After going through the deferred rendering tutorial at http://ogldev.atspace.co.uk/, I was kind of left with the impression that the process of deferred lighting is a bit backwards. Forward rendering looks great with all lights but the only problem is that rendering everything causes an absurd amount of iteration (render time = light count * mesh count). Deferred rendering shows promise (light count + mesh count) but it also means that, in some implementations, you may have to drastically increase the amount of vertices rendered. Additionally, shadows are a bit more difficult to implement. I was thinking of another approach to rendering lights with the speed of deferred rendering but the visual quality of forward rendering.

Basically, there could be two cube maps stored on the GPU which could hold the color, intensity, and position of every light in a scene. The renderer would place every light of the scene into these cube maps in a first pass, then render each mesh in a second pass.
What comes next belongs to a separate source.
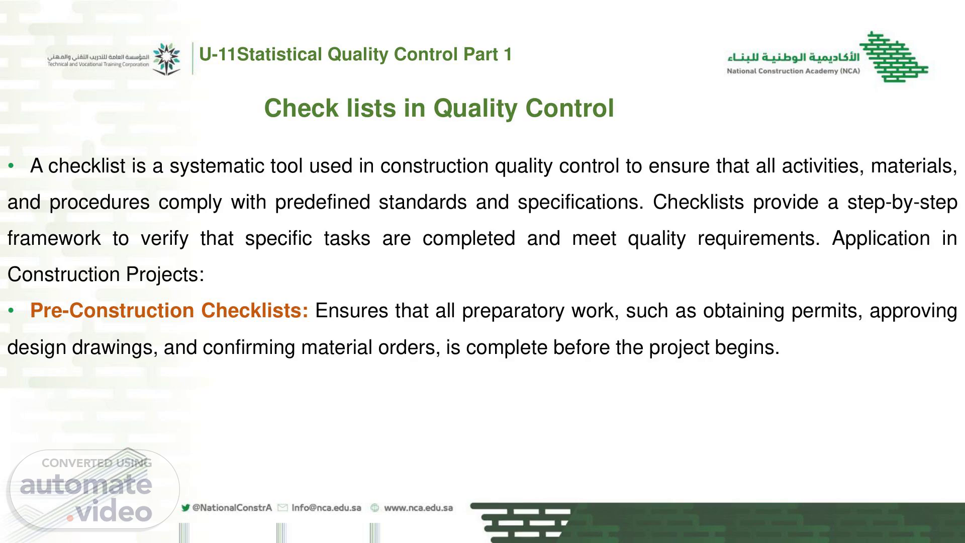 [Audio] U-11Statistical Quality Control Part 1 Check lists in Quality Control A checklist is a systematic tool used in construction quality control to ensure that all activities, materials, and procedures comply with predefined standards and specifications. Checklists provide a step-by-step framework to verify that specific tasks are completed and meet quality requirements. Application in Construction Projects: Pre-Construction Checklists: Ensures that all preparatory work, such as obtaining permits, approving design drawings, and confirming material orders, is complete before the project begins..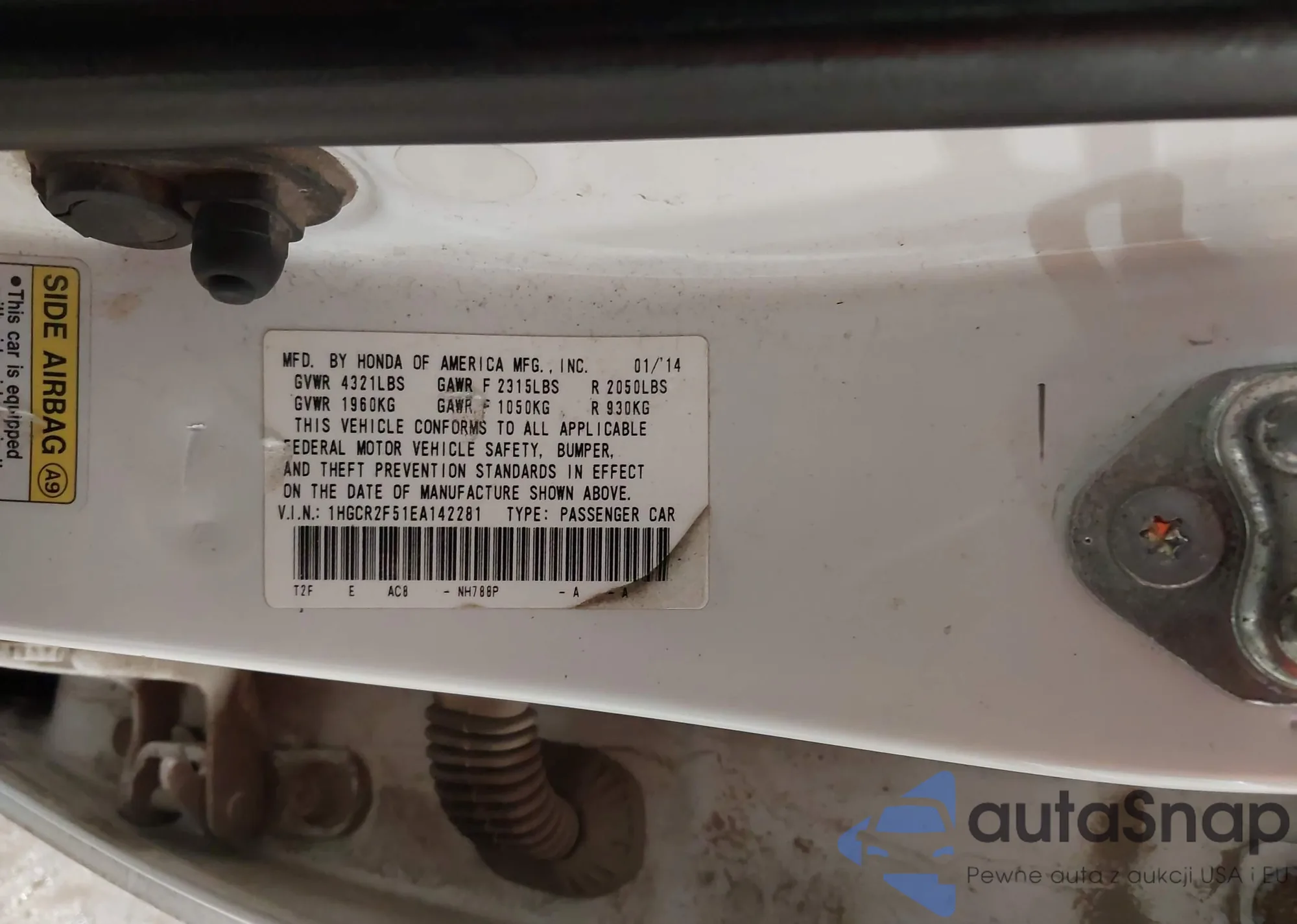 LOT: 44126089 VIN: 1HGCR2F51EA142281

The first cube map could add individual RGB and Intensity values of every light, clamped to four individual byte values while the second cube map could hold each light's position (clamped to 3 individual bytes). Next, after each light has been rendered to the cube maps, every mesh of the scene can sample them when they're processed in another pass by the pixel/fragment shader. This means that you get the speed of a deferred renderer (render time = light count + mesh count) with a drastically reduced memory footprint.

 

Would anyone be able to shed some light as to the plausibility of rendering a scene this way? Right now, I have calculated that both buffers would be a total size of about 2.6 Mb, which seems like a hell of a lot less than what is typically required by a deferred renderer. Like I said above, I'm a graphics novice; this is all just theory and I have no idea how it would be implemented in practice, I'm just looking for feedback.

 

My memory calculation is as follows:

4 bytes for the first cube map + 3 bytes for the second cube map = 7 total bytes per pixel, across both cubemaps (math whiz here).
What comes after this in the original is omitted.